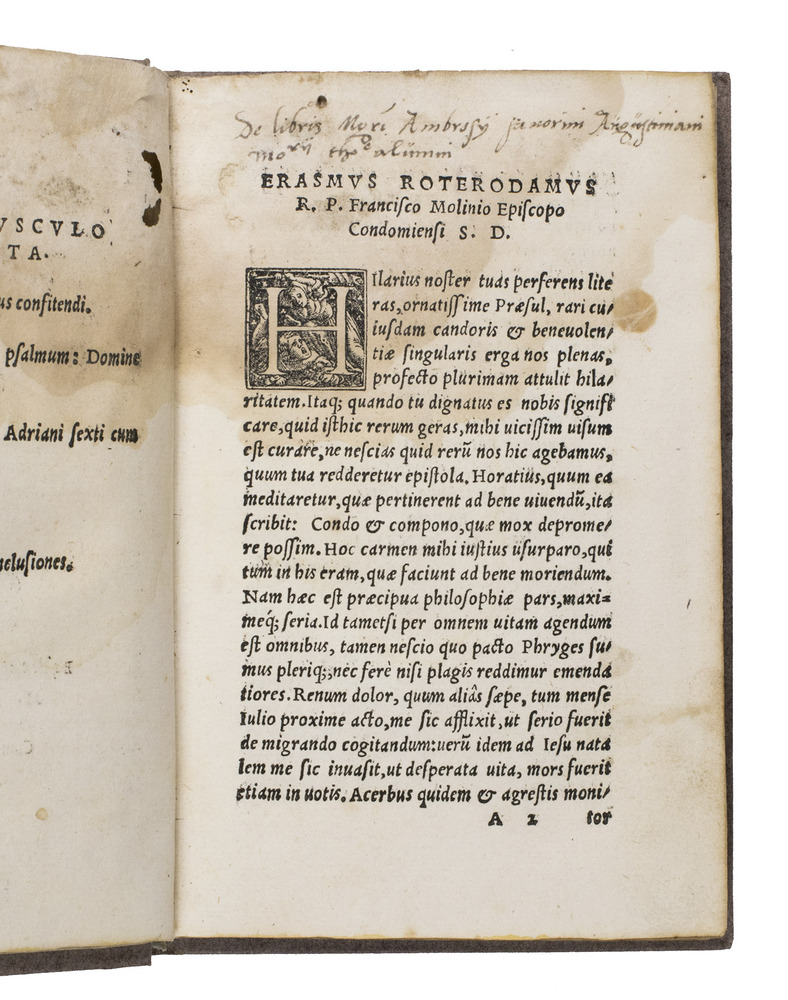 With a contemporary ownership annotation on the title page ("De li[bri] ...(?) Ambrosii Favorini ... (?)") and a slightly later annotation in the head margin of the second leaf ("De libris Mori Ambrosii Favorini Augustiniani Morii Thomae alumni"). The work is somewhat browned, a water stain in the upper third of the page throughout, a few wormholes in the first few leaves, not affecting any text. Otherwise in good condition. Adams E 373; Bezzel 1060; BM STC German p. 282; De Reuck 227; Erasmus Online 2157; USTC 655449; Vander Haeghen I, 104; VD 16 E 2970; cf. Allen, Opus epistlarum Erasmi, vol. V, 1426, 1427, 1310, 1329, 1347 and 1428.
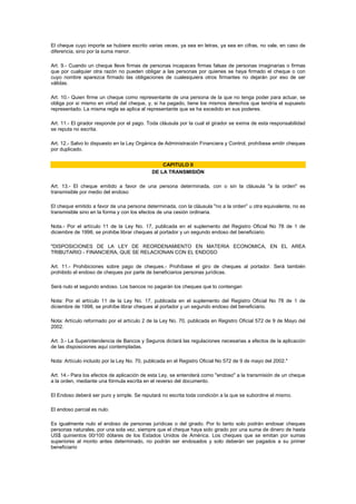 Este documento presenta un resumen de la Ley de Cheques en Ecuador. Establece los requisitos para la emisión válida de cheques, incluida la necesidad de indicar el nombre del girado, el lugar de pago, la fecha y la firma del girador. También regula la transmisión de cheques mediante endosos, prohibiendo los endosos en blanco, al portador o segundos endosos. Finalmente, define quién se considera un tenedor legítimo de un cheque.
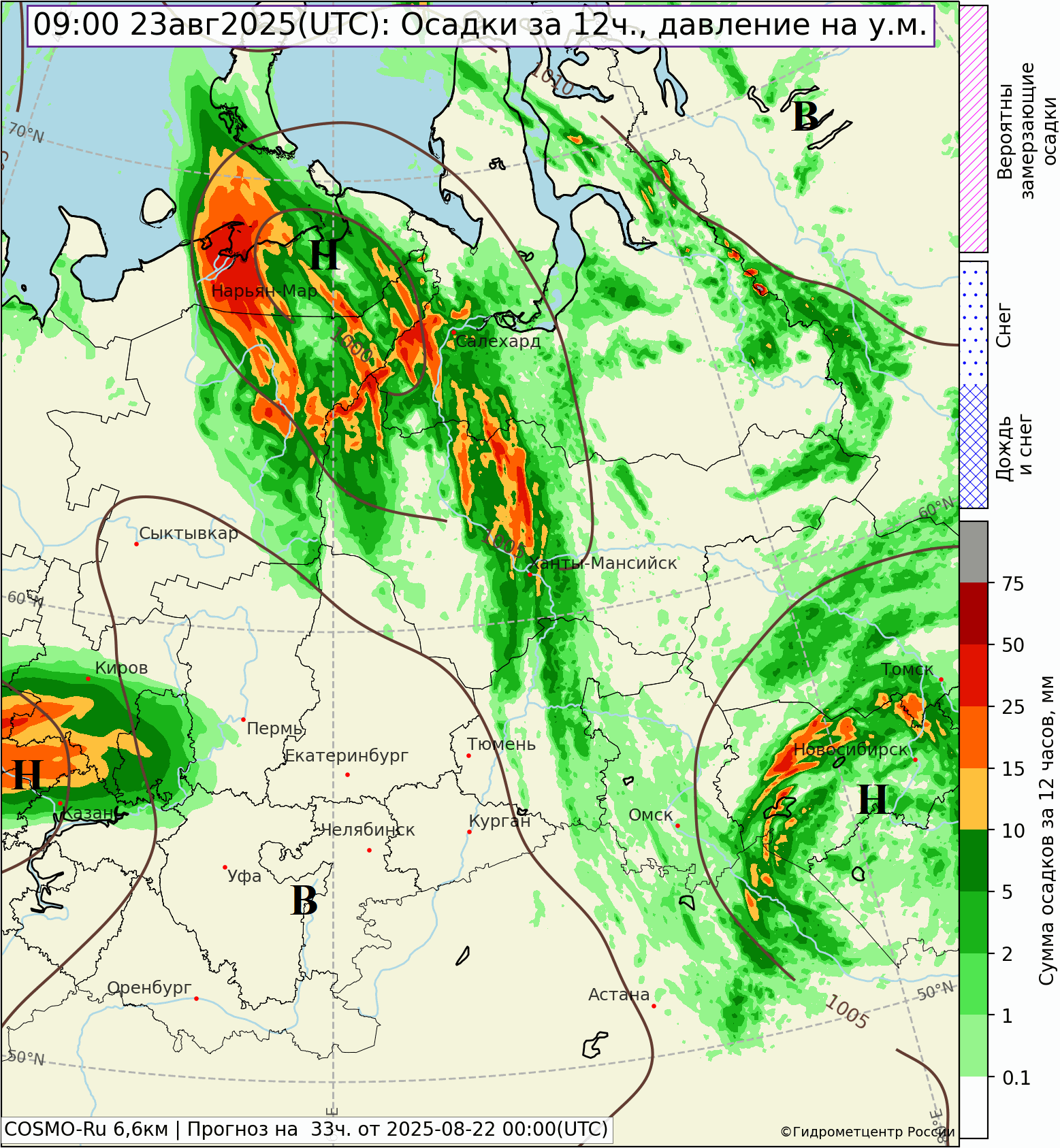 Днем 21 августа небольшой дождь отмечен локально на территории Свердловской области, в Туринске – гроза. Ночью 22 августа было сухо. Температура воздуха днем была 19-24°, в Екатеринбурге 21,1° (осадки с утра 1 мм), ночью от 7° в Красноуфимске до 14,2° в Екатеринбурге и Каменске-Уральском.
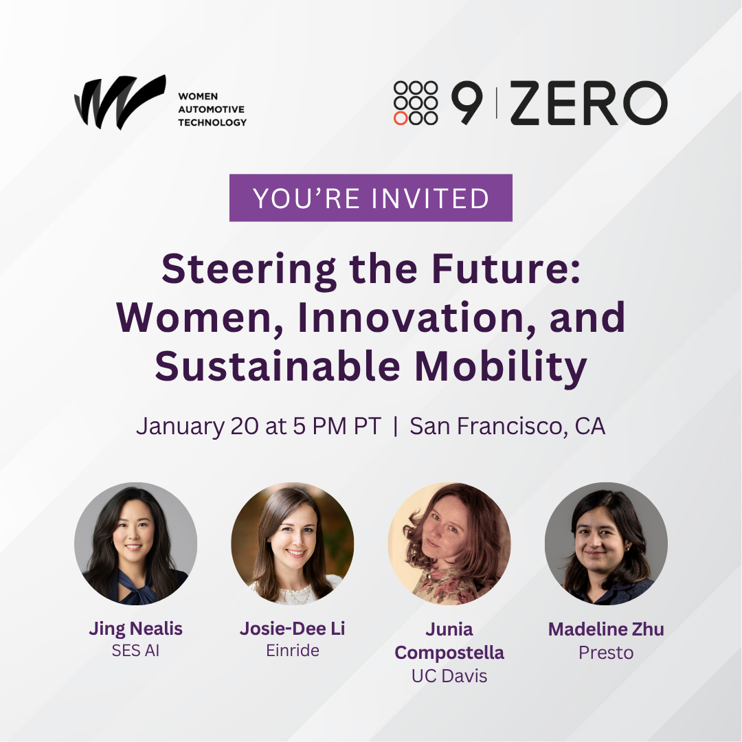 ​Join Women in Automotive Technology (WAT) and 9Zero’s 🌐 EV/AV Cluster for an evening exploring the future of sustainable transportation.
☆ ☆ ☆ ☆ ☆
- [YOUR TASK]:
Word-for-word output of the material above is needed, with the pictures left out.

- [RESULT OF THE TASK]:
 With a contemporary ownership annotation on the title page ("De li[bri] ...(?) Ambrosii Favorini ... (?)") and a slightly later annotation in the head margin of the second leaf ("De libris Mori Ambrosii Favorini Augustiniani Morii Thomae alumni"). The work is somewhat browned, a water stain in the upper third of the page throughout, a few wormholes in the first few leaves, not affecting any text. Otherwise in good condition. Adams E 373; Bezzel 1060; BM STC German p. 282; De Reuck 227; Erasmus Online 2157; USTC 655449; Vander Haeghen I, 104; VD 16 E 2970; cf. Allen, Opus epistlarum Erasmi, vol. V, 1426, 1427, 1310, 1329, 1347 and 1428.
 Este documento presenta un resumen de la Ley de Cheques en Ecuador. Establece los requisitos para la emisión válida de cheques, incluida la necesidad de indicar el nombre del girado, el lugar de pago, la fecha y la firma del girador. También regula la transmisión de cheques mediante endosos, prohibiendo los endosos en blanco, al portador o segundos endosos. Finalmente, define quién se considera un tenedor legítimo de un cheque.
 Днем 21 августа небольшой дождь отмечен локально на территории Свердловской области, в Туринске – гроза. Ночью 22 августа было сухо. Температура воздуха днем была 19-24°, в Екатеринбурге 21,1° (осадки с утра 1 мм), ночью от 7° в Красноуфимске до 14,2° в Екатеринбурге и Каменске-Уральском.
 ​Join Women in Automotive Technology (WAT) and 9Zero’s 🌐 EV/AV Cluster for an evening exploring the future of sustainable transportation.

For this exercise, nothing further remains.